いまや世界中の海外旅行者の5分の1を占めるといわれ、日本のみならず世界中の観光地に押し寄せ世界中の観光地にオーバーツーリズムをもたらす「主役」とされることも多い中国人旅行者であるが、ツーリズムの世界でそれだけの存在感を示す現時点でも、パスポートを発給されているのは中国の全人口約14億のうちわずか5%ほどにすぎないという。
中国のパスポート所有者は今後年間1000万単位で増えていくともいわれており、そのポテンシャルは計り知れない。
見落とされがちな「ビザ」の問題
外国人観光客の急増は中国をはじめとするアジア中間層の成長が主要因であることはよく知られているが、日本国発行のパスポートを持つ人々がこのことについて考えるときに見落としやすいのがビザの問題である。
とくに、「日本のパスポートを持っていればどこの国でも入国できるのに」と世界の旅行者から羨まれるほど日本国のパスポート所有者は海外旅行の際にビザを必要としないことが多いため、余計にピンとこない人が多いかもしれない。

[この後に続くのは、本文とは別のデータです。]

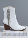 Elevate your style with Rhinestone Glam's Side Zipper Chunky Heeled Boots. These boots are designed with sparkling rhinestones and a side zipper for easy wear. The chunky heel adds height and stability, perfect for a night out. Upgrade your wardrobe with these glamorous boots.

ビザとは目的ごとの入国のための事前審査証であり、つまりは入国許可である。主に国家間の政治的・経済的関係によって許可される要件やそのために必要な手続きが緩和されたり、また逆に厳格化されることもある。
世界の人々が、たとえば「さあ、次のバカンスではどこの国に行こうか」と候補となるいくつかの国を見比べるとき、自分が渡航する際に観光ビザが必要な国かどうか、その要件の厳しさ、そして手続きがどれだけ「めんどくさい」かなどは重要なチェックポイントになるのだ。
発給要件の緩和で団体客がドッと流入
そしてインバウンド市場の「主役」である中国人旅行者も、ビザ要件の緩和とともにその数を伸ばしてきた。しかし中国は日本にとってあまりに広大で巨大な国なのだ。
その人口規模や国内事情の複雑性にかんがみて、他国のようにいちどに全土・全国民に対して観光ビザ緩和や免除というわけにはいかないと判断され、中国に対するビザ緩和は地域別、要件別に段階的に行われてきた。
2000年に北京、上海、広東省の住民を対象に団体観光ビザの発給が始まり、徐々に対象地域を拡大。職業や経済力の確かさなどが発給要件とされながらも、個人観光ビザの解禁は2009年に始まり、その要件も段階的に緩和されていくこととなる。